Determine the items that are bought. By running them modulo their index, we create an exponential distribution


In [42]:
test_purchases_bought = [j % (i+1) for i, j in enumerate(np.random.randint(num_unique_items, size=(num_bought_items)))]

Now map all bought items to a random item which is by our definition bought together. If one is available


In [43]:
vectorized_select_paired_items = np.vectorize(test_pair_dict.get)
vectorized_select_random_item = np.vectorize(get_random_element)
test_purchases_added = ( 
    vectorized_select_random_item(  # select one item random from the list of paired items
        vectorized_select_paired_items(  # map them to the list of paired items
            test_purchases_bought # the items we bought
        )
    ))
test_purchases_pairs = np.transpose(np.vstack((test_purchases_bought, test_purchases_added)))
np.random.shuffle(test_purchases_pairs)

Given these pairs, we unravel it to create one long list, which is then splitted into different shopping baskets


In [44]:
test_sequence = test_purchases_pairs.ravel()
test_shopping_baskets = [nonempty for nonempty in [np.unique(a[a>0]).tolist() for a in [np.array(a) for a in list(split_every(6, test_sequence))]] if len(nonempty)>0]
print "Each few items are joined together to form a list. Because some items are removed, lists have variable length. Some examples:"
print test_shopping_baskets[0:5]
print "Total number of generated shopping lists = {}".format(len(test_shopping_baskets))


Each few items are joined together to form a list. Because some items are removed, lists have variable length. Some examples:
[[266, 2538, 3794, 4274], [1099, 4111, 4177], [1442, 3249, 4480], [3652, 3769, 4565], [347, 1253, 2298]]
Total number of generated shopping lists = 83334

Step 0: Loading the data in spark


In [45]:
shopping_baskets = sc.parallelize(test_shopping_baskets)
shopping_baskets_count = shopping_baskets.count()
print "There are in total {} shopping lists".format(shopping_baskets_count)

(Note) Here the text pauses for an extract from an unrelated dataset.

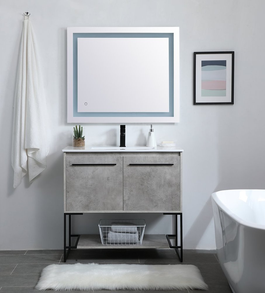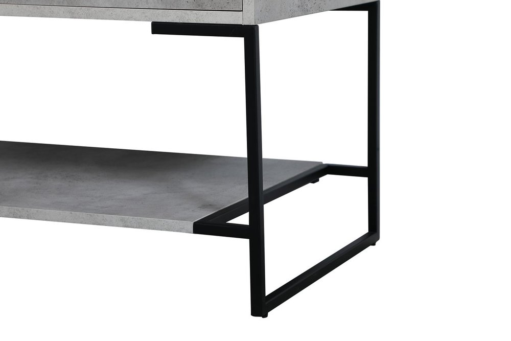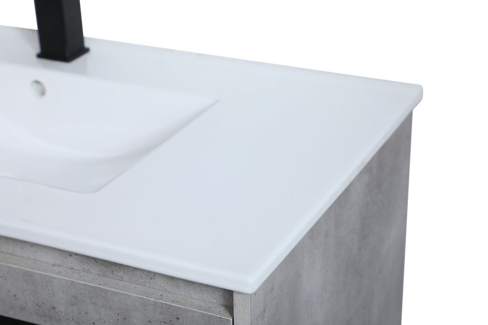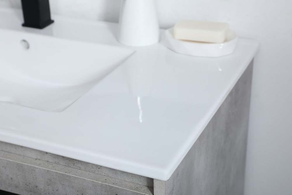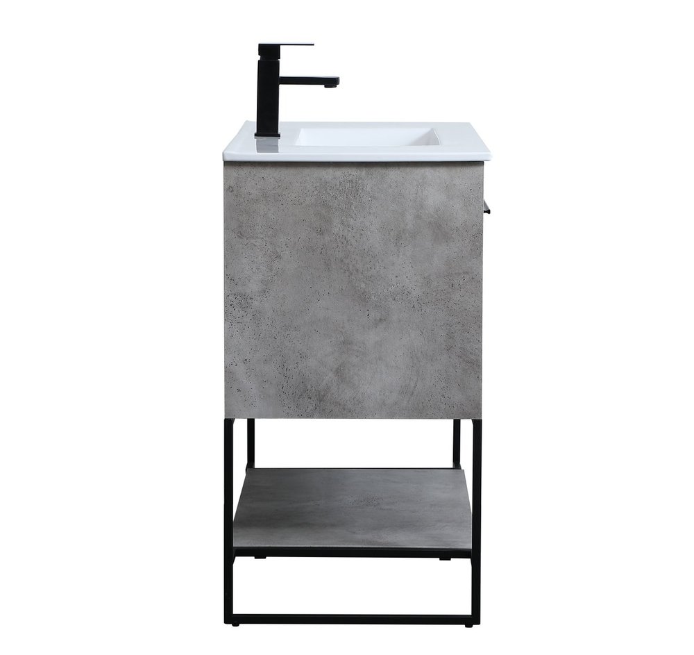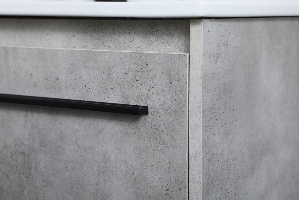 Live in modern comfort with this 36" concrete grey finish vanity. Dressed in a concrete grey and sleek black metal hardware, its contemporary style will have your bathroom or powder room elevated in industrial sophistication. The open shelf at the base and two doors reveal ample storage space for your bathroom essentials and miscellany. Clean lines create its own visual interest, adding trendy looks to your already chic room.

There are in total 83334 shopping lists

Step 1: Calculating item frequencies

Getting item buy frequency. While the shopping lists do not have to fit in memory, a list of unique items should


In [46]:
def check_uniqueness(t):
    if len(set(t))!=len(t):
        raise ValueError("Items in a transaction must be unique but got {}".format(t))
        return t
    else:
        return t
item_freq = dict(shopping_baskets.flatMap(check_uniqueness).map(lambda v: (v, 1L)).reduceByKey(add).collect())

In [47]:
print "The most popular item is bought in {} shopping baskets".format(max(item_freq.values()))
print "As example, the first few items with their frequencies:"
print item_freq.items()[0:5]


The most popular item is bought in 126 shopping baskets
As example, the first few items with their frequencies:
[(1, 60L), (2, 59L), (3, 53L), (4, 69L), (5, 50L)]

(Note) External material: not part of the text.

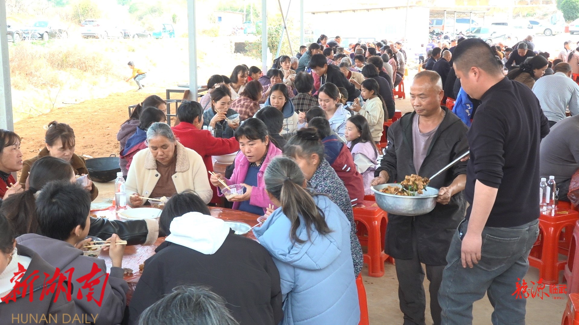 随着回锅肉、猪杂汤、时令小菜等家常菜肴陆续上桌,这场汇聚了500多人的年猪饭正式开席,来自广州、郴州周边的游客与本地乡亲围坐一堂,脸上都洋溢着欢喜的笑容。大家一边品尝美食,一边拉着家常,聊聊过去的年味回忆,说说新一年的美好期盼,碰杯声、谈笑声、孩童的嬉闹声交织在一起,汇成了最动人的年俗乐章,每一个瞬间都充满了团圆的温情与烟火的暖意。

Step 2: Calculating item pair scores

We use the following score: $$ score = \dfrac{\bigg(\dfrac{X\ and\ Y}{X}\bigg)}{\bigg(\dfrac{(not\ X)\ and\ Y}{not\ X}\bigg)}$$


In [48]:
from __future__ import division
def calculate_score( xy, xy_count):
    """
    xy is a tuple of item ids
    xy_count is the observation count
    calculates:
      x and y / x
      / 
    not x and y / not x"""
    x_item, y_item = xy
    x = item_freq[x_item]
    y = item_freq[y_item]
    notx = shopping_baskets_count - x
    x_y = xy_count
    notx_y = y - x_y
    if notx_y==0:
        return (xy, np.Inf)
    else:
        return (xy, (notx/x) * (x_y/notx_y))
    
def all_pairs(x):
    return list(permutations(x, 2)) # permutations also generates the pairs with _1 and _2 flipped
        
def as_key_with_value(i):
    def as_key(x):
        return x, i
    return as_key

In [49]:
pairs = shopping_baskets\
            .flatMap(all_pairs)\
            .map(as_key_with_value(1))\
            .reduceByKey(add)\
            .map(lambda x:calculate_score(*x))\
            .cache()

Now we have the score for every pair of products ever bought


In [50]:
pairs_count = pairs.count()
print "There are in total {} pairs of bought products".format(pairs_count)
print "The first few pairs with their score:"
pairs.take(10)


There are in total 513862 pairs of bought products
The first few pairs with their score:
Out[50]:
[((3075, 3343), 41.066074950690336),
 ((4171, 535), 41.3125),
 ((2261, 2169), 26.089598997493734),
 ((810, 3728), 42.48877551020408),
 ((4785, 2165), 29.65811965811966),
 ((2635, 4663), 17.135802469135804),
 ((112, 4246), 41.647),
 ((4649, 717), 26.0531914893617),
 ((2514, 2968), 31.7472359893252),
 ((607, 3139), 39.06801125703565)]

Step 3, Option 1: Selecting pairs based on score threshold

As context, let's get the histogram


In [61]:
pairs.map(lambda k_v:k_v[1]).filter(lambda score: not np.isinf(score)).histogram(10)


Out[61]:
([5.683559866129364,
  250.08873329128113,
  494.4939067164329,
  738.8990801415846,
  983.3042535667364,
  1227.7094269918882,
  1472.1146004170398,
  1716.5197738421916,
  1960.9249472673434,
  2205.330120692495,
  2449.735294117647],
 [513662, 0, 0, 4, 4, 17, 43, 24, 9, 2])

In [62]:
frequent_pairs = pairs.filter(lambda k_v:k_v[1]>250).collect()
print "The number of frequent pairs = {}".format(len(frequent_pairs))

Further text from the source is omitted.